Naturally I’m infuriated; my turmoil is beleaguered as history
The obvious truth hidden in the past tense
‘Abolition of slavery’ camouflage of the empire’s interest
In the present context economic slaves continue to man the post
Which is not to say that I deny my history?
By all means let’s acknowledge the past
Show me the pictures of those merchant ships with their catch
Tell me the stories of the gang raps, vigorous abductions, the plantations, and the lynchings, don’t shot change my past tell it all
But in the same breath don’t paint over my reality
Transpose that gory past onto today, the present continuous
And see what they have done to my family

He is African Caribbean, she African American, he is African other
Happy to have met at last, but needing a thousand years to heal
Streamed from distant lands, sapped of all his juice
Constantly disregarded
The red tape so long and thin hard to say with pride ‘I am African’

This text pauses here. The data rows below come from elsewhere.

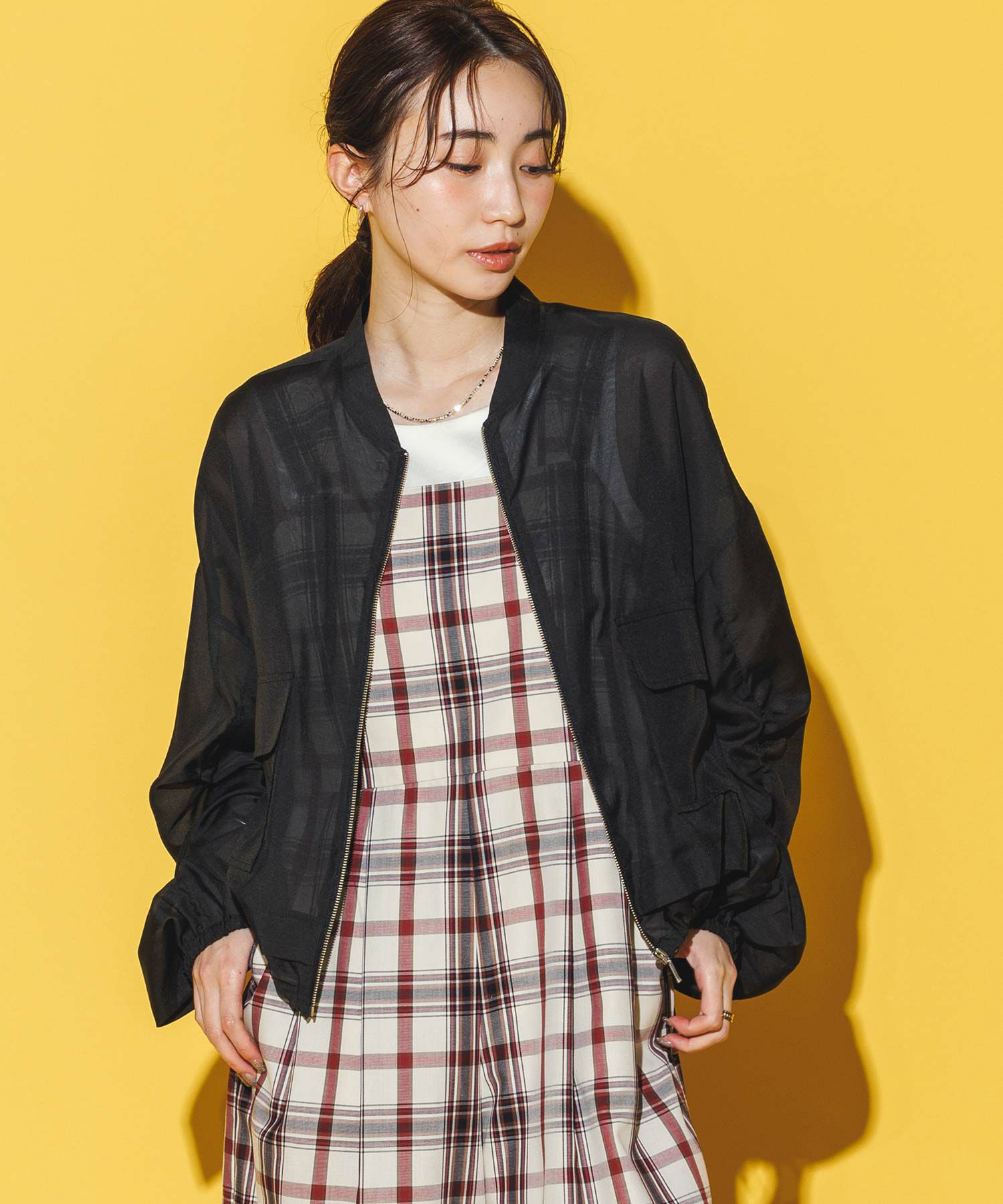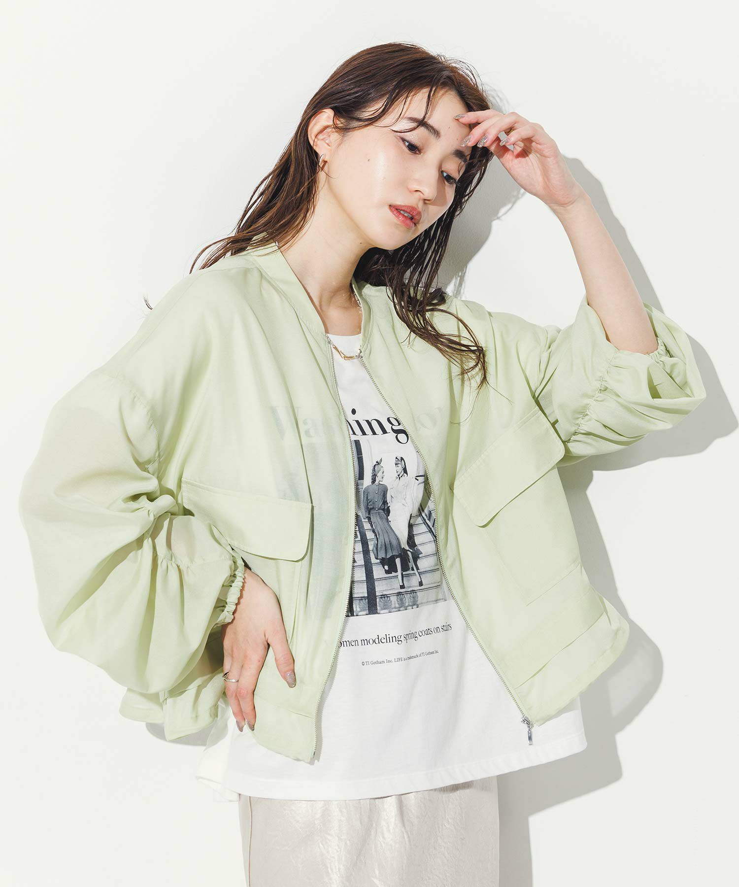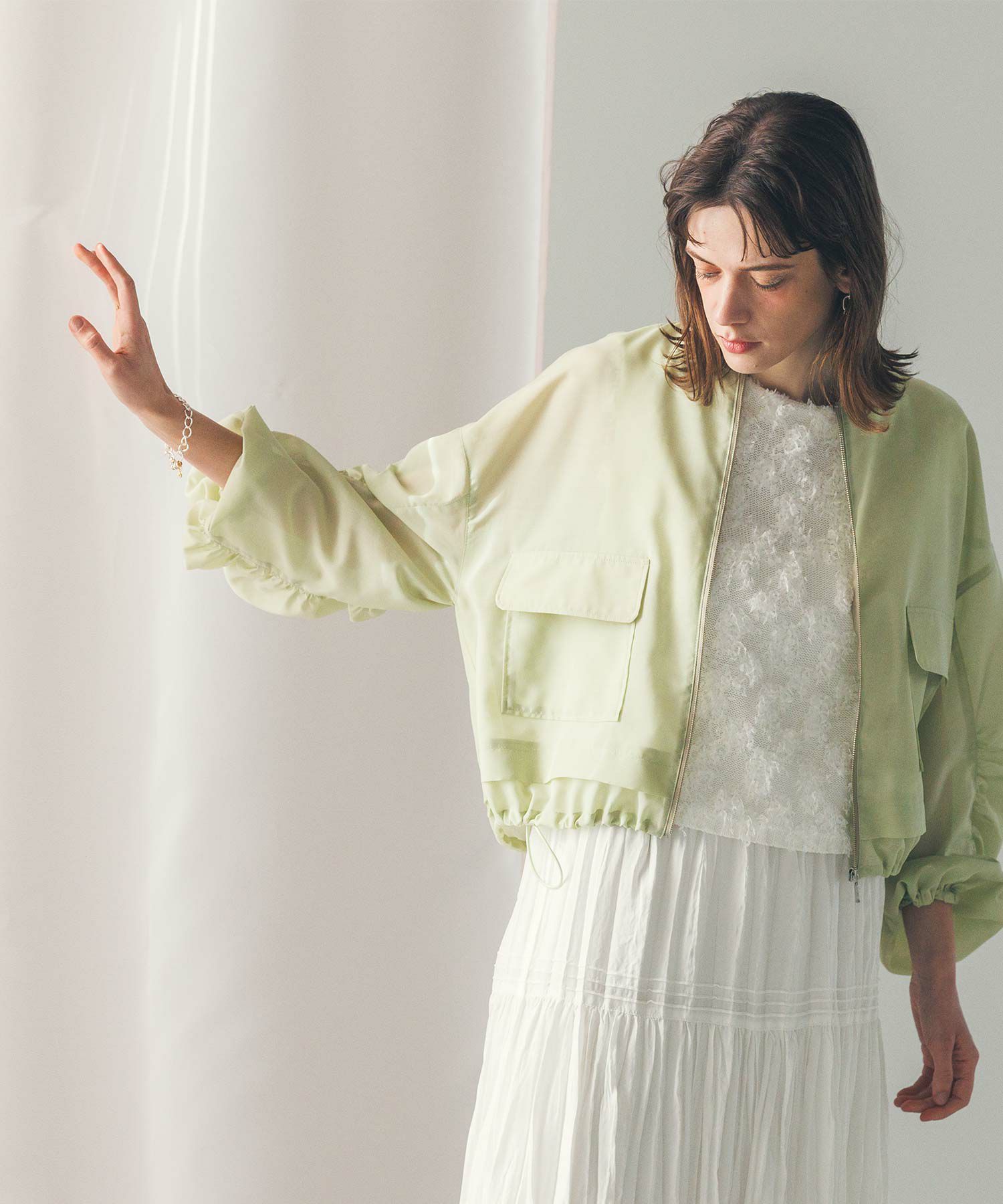 軽やかなシアー素材を使用したMA-1ブルゾン。
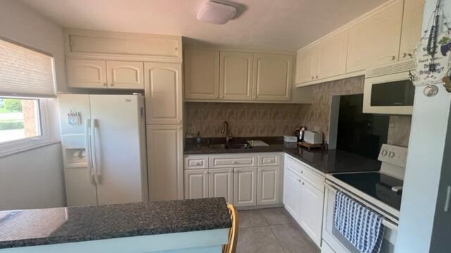 Custom featured oversize villa sits right up front on Lake Dora Dr just adjacent to the Phase A clubhouse. Opened wall in kitchen gives it a large modern feeling with the raised floor thru the enclosed glass porch area adding more room thru living space. All IKEA furniture in the master bedroom, updated bath showers with glass doors, tiled thru out, stacked washer and dryer and impact windows thru out. Large dining room table with extension fits a large family. This unit was well loved and just waiting for the right person to enjoy it!
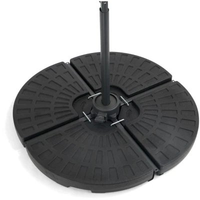 ManoManoGENERAL DESCRIPTION This Fan-Shaped 4-Piece Cantilever Parasol Base is designed to stabilize cantilever and banana parasols with a cross-base height of 4.5cm to 6cm. The base consists of four parts that fit together in an attractive fan shape. Each part can be filled with water or sand for added strength and stability. TECHNICAL SPECIFICATIONS Weight when filled with water: 13kg per part, 52kg total Weight when filled with sand: 16.5kg per part, 66kg total Material: Weather-resistant high-density polyethylene Size of each section: 48cm x 48cm x 7.5cm COMPATIBILITY AND ACCESSORIES Metal U-locks are included to secure the four parts together, suitable for parasols with a cross-base height of 6cm.
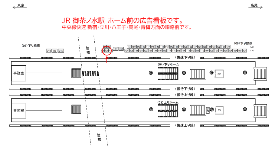 ○下り線側№136 線路前(JR中央線快速 新宿・立川・八王子・高尾・青梅方面) |
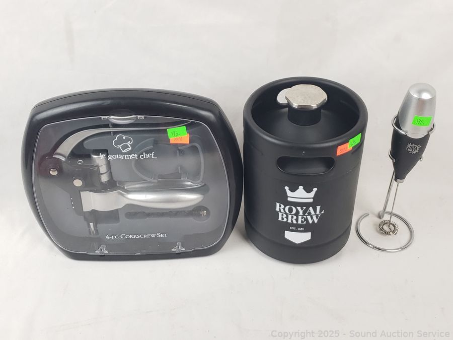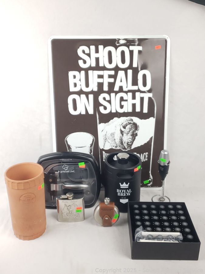 Assorted Drinkware - Flasks, tin sign, mixer, corkscrew set, Nosing Sample kit, Royal brew keg, terracotta utensil jar, etc. Refer to photos for lot contents, more details.
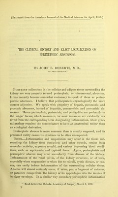 The clinical history and exact localization of perinephric abscesses / by John B. Roberts.

Streamed from distant lands, sapped of her sense of self
Hard to open her mouth and speak of love to the other
On her memory the vigorous abductions, naturally she asks the question
‘Where was I when they took her away?’
In my heart I feel the same pain plus the present continuous
Love growing old back home where I can’t be, just the economic sense making sense
In my soul all hope in Africa the empire is condescending
Talking about slave trade in the past tense in the present tense I can’t even look my brother in the eye.